In August, Apple announced a system to check all our iPhones for illegal images, then delayed its launch after widespread pushback. Yet some governments continue to press for just such a surveillance system, and the EU is due to announce a new child protection law at the start of December.

Now, in Bugs in our Pockets: The Risks of Client-Side Scanning, colleagues and I take a long hard look at the options for mass surveillance via software embedded in people’s devices, as opposed to the current practice of monitoring our communications. Client-side scanning, as the agencies’ new wet dream is called, has a range of possible missions. While Apple and the FBI talked about finding still images of sex abuse, the EU was talking last year about videos and text too, and of targeting terrorism once the argument had been won on child protection. It can also use a number of possible technologies; in addition to the perceptual hash functions in the Apple proposal, there’s talk of machine-learning models. And, as a leaked EU internal report made clear, the preferred outcome for governments may be a mix of client-side and server-side scanning.

In our report, we provide a detailed analysis of scanning capabilities at both the client and the server, the trade-offs between false positives and false negatives, and the side effects – such as the ways in which adding scanning systems to citizens’ devices will open them up to new types of attack.

We did not set out to praise Apple’s proposal, but we ended up concluding that it was probably about the best that could be done. Even so, it did not come close to providing a system that a rational person might consider trustworthy.

Even if the engineering on the phone were perfect, a scanner brings within the user’s trust perimeter all those involved in targeting it – in deciding which photos go on the naughty list, or how to train any machine-learning models that riffle through your texts or watch your videos. Even if it starts out trained on images of child abuse that all agree are illegal, it’s easy for both insiders and outsiders to manipulate images to create both false negatives and false positives. The more we look at the detail, the less attractive such a system becomes. The measures required to limit the obvious abuses so constrain the design space that you end up with something that could not be very effective as a policing tool; and if the European institutions were to mandate its use – and there have already been some legislative skirmishes – they would open up their citizens to quite a range of avoidable harms. And that’s before you stop to remember that the European Court of Justice struck down the Data Retention Directive on the grounds that such bulk surveillance, without warrant or suspicion, was a grossly disproportionate infringement on privacy, even in the fight against terrorism. A client-side scanning mandate would invite the same fate.

But ‘if you build it, they will come’. If device vendors are compelled to install remote surveillance, the demands will start to roll in. Who could possibly be so cold-hearted as to argue against the system being extended to search for missing children? Then President Xi will want to know who has photos of the Dalai Lama, or of men standing in front of tanks; and copyright lawyers will get court orders blocking whatever they claim infringes their clients’ rights. Our phones, which have grown into extensions of our intimate private space, will be ours no more; they will be private no more; and we will all be less secure.

Is Apple’s NeuralMatch searching for abuse, or for people?

Apple stunned the tech industry on Thursday by announcing that the next version of iOS and macOS will contain a neural network to scan photos for sex abuse. Each photo will get an encrypted ‘safety voucher’ saying whether or not it’s suspect, and if more than about ten suspect photos are backed up to iCloud, then a clever cryptographic scheme will unlock the keys used to encrypt them. Apple staff or contractors can then look at the suspect photos and report them.

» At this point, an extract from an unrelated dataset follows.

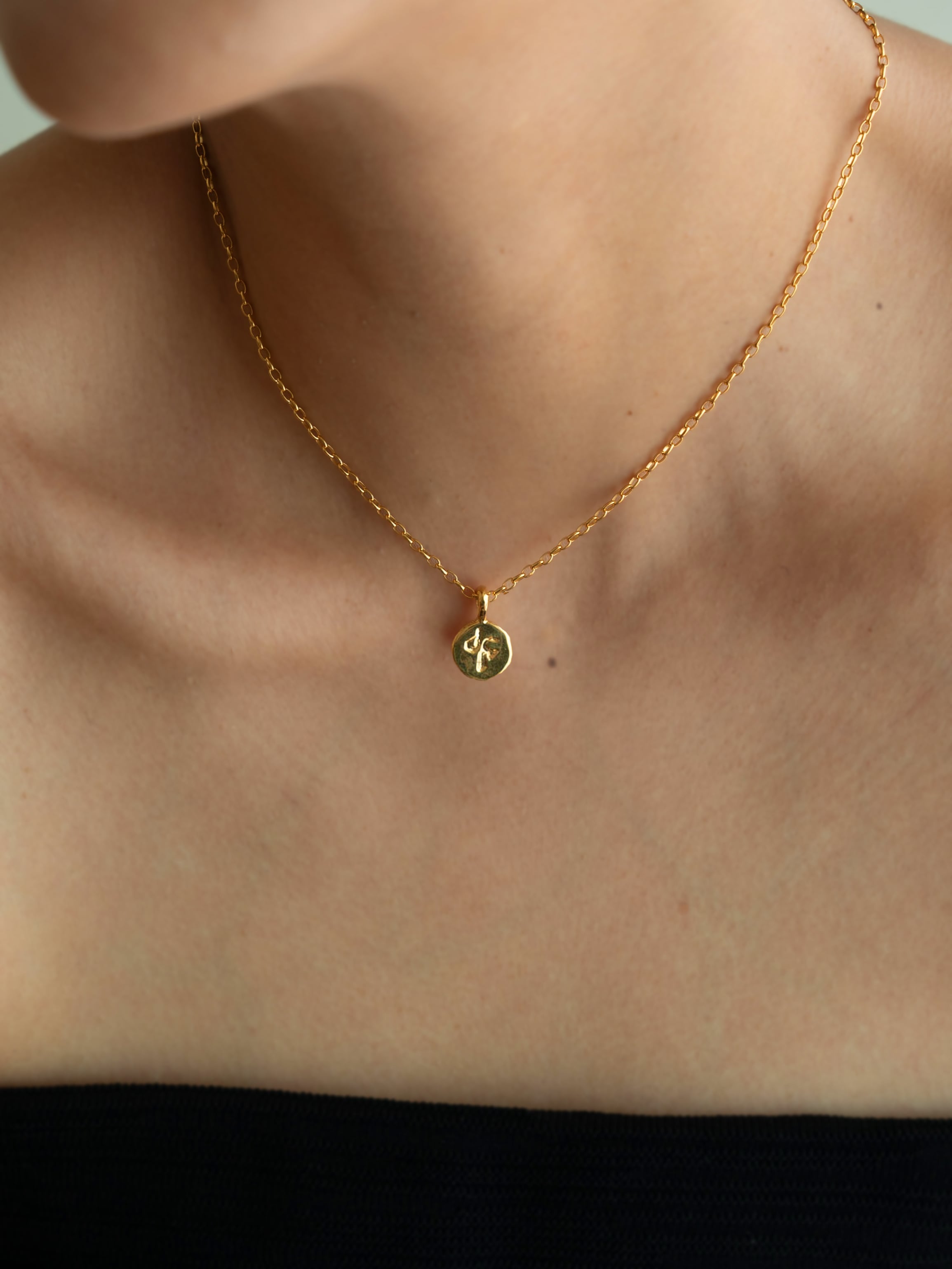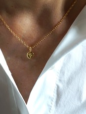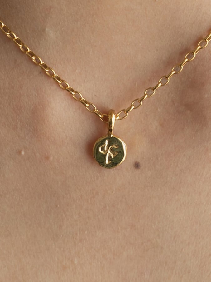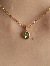 お好きな文字を刻印できるネックレス。1文字ではさりげない印象に、2文字以上の刻印ではグラフィカルな印象になります。太めのチェーンを組み合わせたこちらは、1本でもしっかりと存在感があり、華奢なネックレスとの重ね付けもお勧めです。
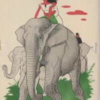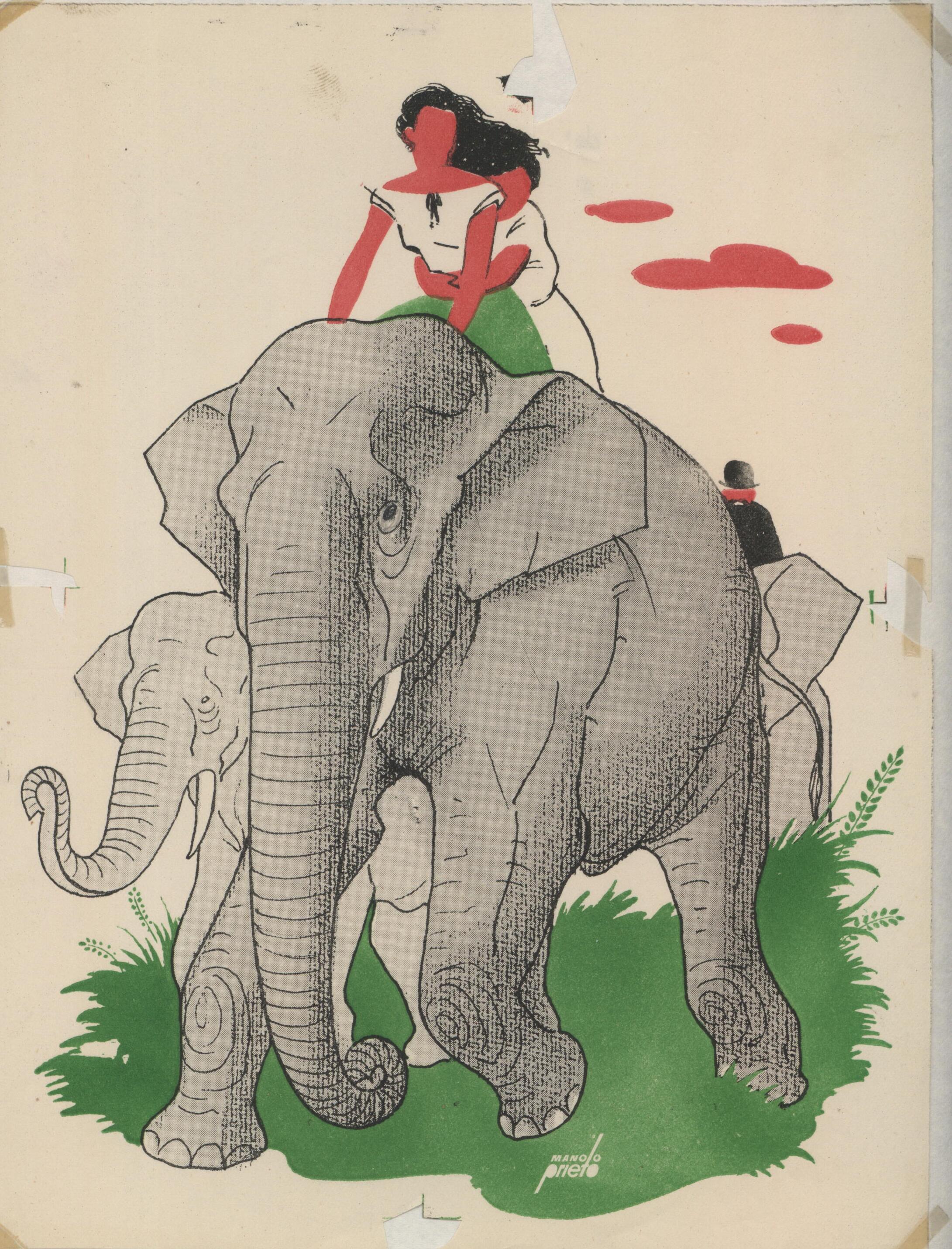 Varios elefantes grises se muestran en esta composición firmada. En primer plano destaca un elefante que lleva sobre su lomo a dos personas, un chico y una chica. El color verde de la hierba también toma parte en el dibujo.Prueba de imprenta. Ilustración realizado para la revista semanal de Novelas y Cuentos. Titulo: Autor: Nº publicado: Fecha: Tomo NC.

We’re told that the neural network was trained on 200,000 images of child sex abuse provided by the US National Center for Missing and Exploited Children. Neural networks are good at spotting images “similar” to those in their training set, and people unfamiliar with machine learning may assume that Apple’s network will recognise criminal acts. The police might even be happy if it recognises a sofa on which a number of acts took place. (You might be less happy, if you own a similar sofa.) Then again, it might learn to recognise naked children, and flag up a snap of your three-year-old child on the beach. So what the new software in your iPhone actually recognises is really important.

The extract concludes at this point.